Former Special Envoy to Ukraine Kurt Volker arrives on Capitol Hill for a closed-door deposition led by the House Intelligence Committee in Washington, DC on October 3, 2019. Volker resigned from his position on September 27. His communications with President Trump’s personal lawyer Rudy Giuliani are of interest to the committee.
Zach Gibson/Getty Images

Perry reportedly played a role in this — during his trip to Kyiv to attend Zelensky’s inauguration in May, he met privately with Zelensky and other Ukrainian officials, and urged them to fire Naftogaz advisory board members. Per the AP, Perry implied that two Texas businessmen would be good choices for for the new board. He also suggested that a current American representative, a former Obama official, be replaced by someone “reputable in Republican circles.”

Meanwhile, allies of Trump lawyer Rudy Giuliani had similar ideas. As is now well known, Giuliani has been fixated on Ukraine for the past year, and has tried to get the government to launch investigations into the Bidens and the 2016 election. And he’s had two questionable characters with him every step of the way: Lev Parnas and Igor Fruman.

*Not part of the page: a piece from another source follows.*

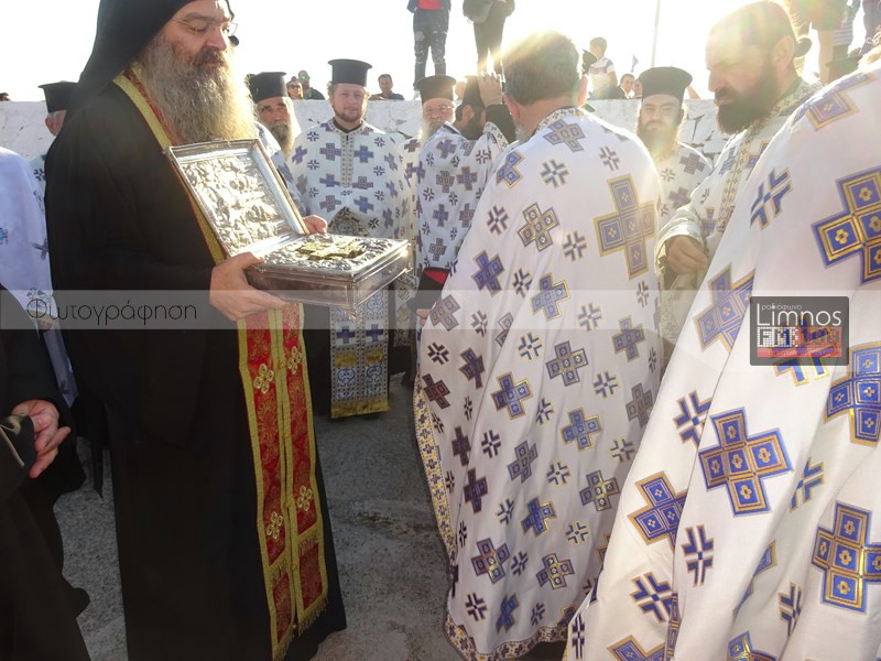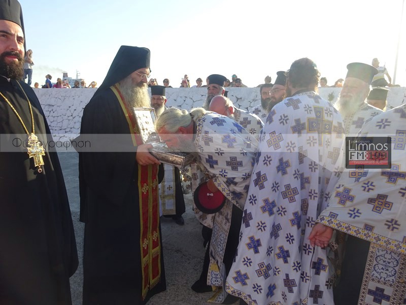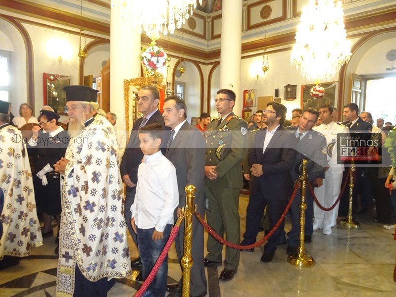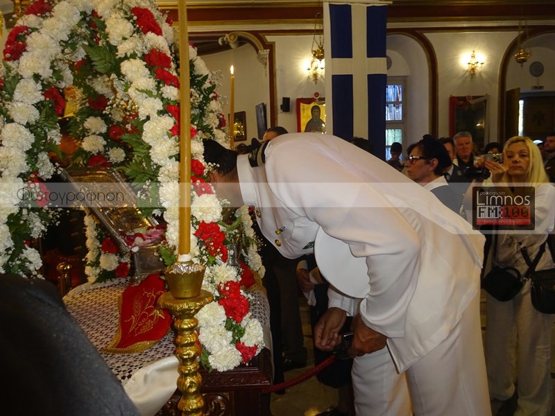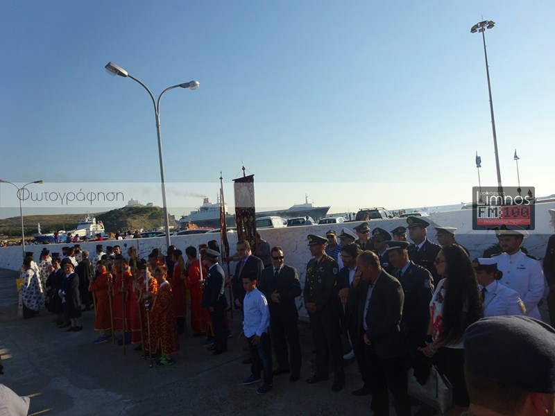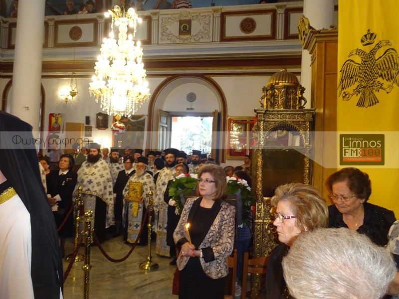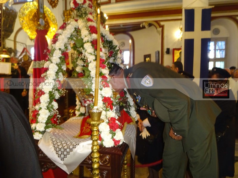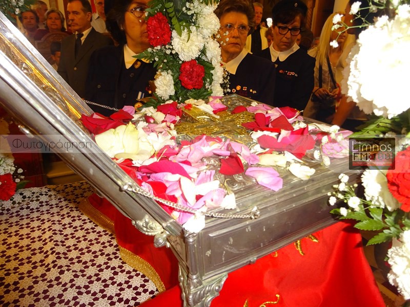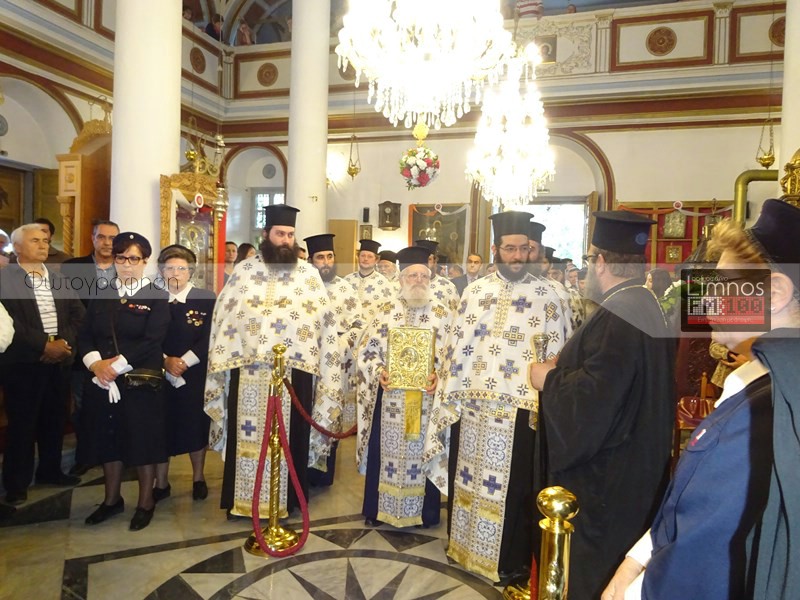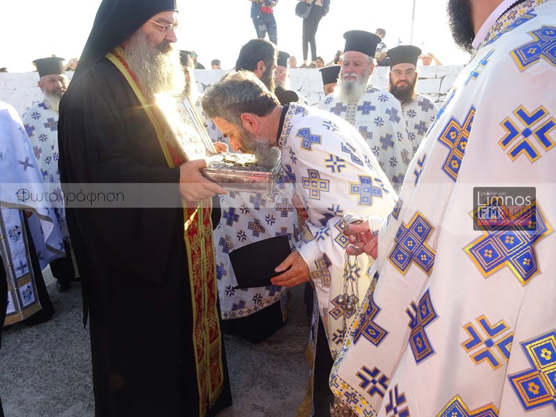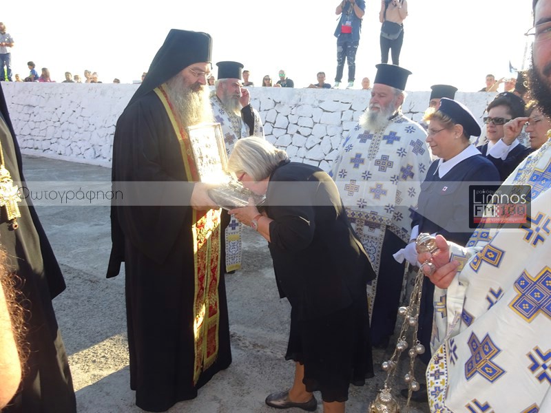 Το παρών στις εκδηλώσεις έδωσε η πολιτική και στρατιωτική ηγεσία του τόπου και των Ενόπλων Δυνάμεων, ο βουλευτής Νομού Λέσβου Χαράλαμπος Αθανασίου, ο Μητροπολίτης Λήμνου και Αγίου Ευστρατίου κ.κ Ιερόθεος, πλήθος ιερέων, καθώς και εκπρόσωποι του Ερυθρού Σταυρού και του Λυκείου Ελληνίδων Λήμνου. Μετά την άφιξη στον Ιερό Ναό Αγίας Τριάδας Μύρινας, οι άρχοντες του νησιού προσκύνησαν το ιερό τεμάχιο, ενώ ο Δήμαρχος Λήμνου απέφυγε να προσκυνήσει.

Parnas and Fruman are both Soviet-born but have since become US citizens. The two entrepreneurs have a history of legal trouble (they’ve been sued by investors), and gave hundreds of thousands of dollars to a pro-Trump group in 2018. They have lately acted as “fixers” of sorts for Giuliani in Ukraine. They may even be paying Giuliani — the former New York City mayor described Parnas and Fruman as his “clients” in May.

But what was in it for the fixers? According to this AP report, they were fixated on Naftogaz as well — in March, they were trying to push out the company’s CEO, and they had hatched a plan to export US liquified natural gas to Ukraine as well. Giuliani claims he was never involved in their Ukraine dealings (though he says he was involved in potential Uzbekistan deals). But Parnas and Fruman did eventually manage to make their pitch to Perry.

The full story remains murky, but it’s looking more and more like, in addition to an abuse of office scandal, there’s an old-fashioned corruption scandal too — there was money to be made in Ukraine, and Trump’s allies wanted to make it.